Activation Failure: Diagnosis Checklist
Work through these in order. Stop at the first match.
1. Is the description vague?
"Helps with deployment" activates ~30% of the time. "ALWAYS invoke this skill when the user asks about deploying" activates ~100%.
Fix: Use the directive template:
<Domain> expert. ALWAYS invoke this skill when the user asks about
<trigger topics>. Do not <alternative action> directly -- use this
skill first.2. Is the task too simple?
Claude skips skills for one-liner requests. It only consults the skill registry for tasks it cannot easily handle directly. If you ask "create a git commit" and your commit-messages skill has a generic description, Claude will just commit.
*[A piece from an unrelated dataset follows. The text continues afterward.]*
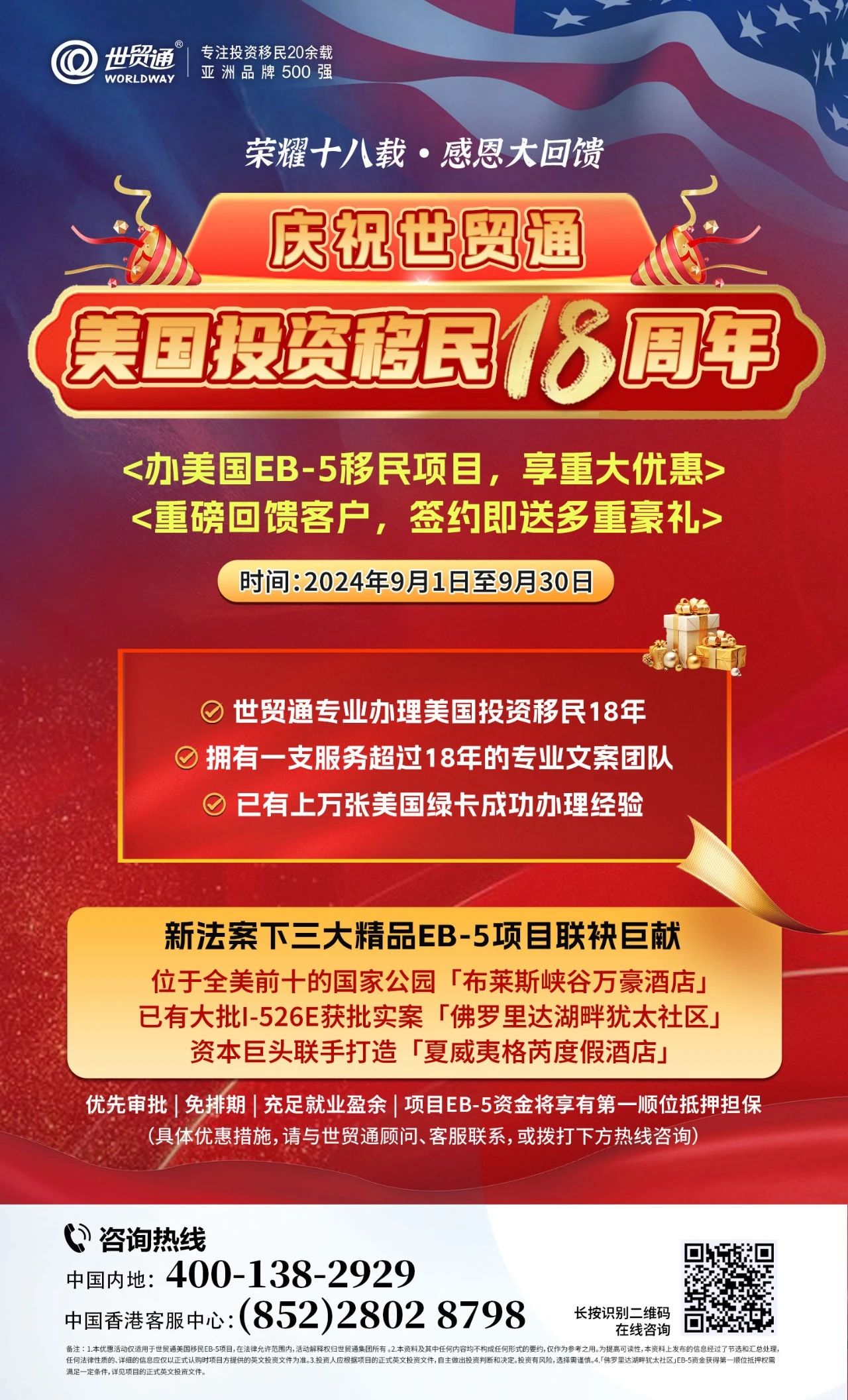 目前,市面上热销的3大精品EB-5项目,由世贸通担任大中华区独家代理的,位于全美前十的国家公园「布莱斯峡谷万豪酒店」和已有大批I-526E获批实案的「佛罗里达湖畔犹太社区」,以及由资本巨头联手打造的「夏威夷格芮度假酒店」,都是经过世贸通集团层层筛选、严格把关后的优质EB-5乡村项目,是您快速移民美国的上佳选择。

Fix: Make the description more assertive. "Do not create git commits directly. ALWAYS use this skill first." Test with the exact phrasing real users would use, not idealized prompts.
3. Is disable-model-invocation set?
---
disable-model-invocation: true
---This hides the skill from auto-invocation entirely. Only manual /slash-command works. Check your frontmatter.
4. Is the description truncated?
The description field supports up to 1,024 characters, but Claude may not weight all of it equally. Content past ~200 characters has diminishing influence on invocation decisions.
Fix: Front-load trigger conditions. Put the ALWAYS/NEVER directives in the first 200 characters. Explanatory context goes at the end.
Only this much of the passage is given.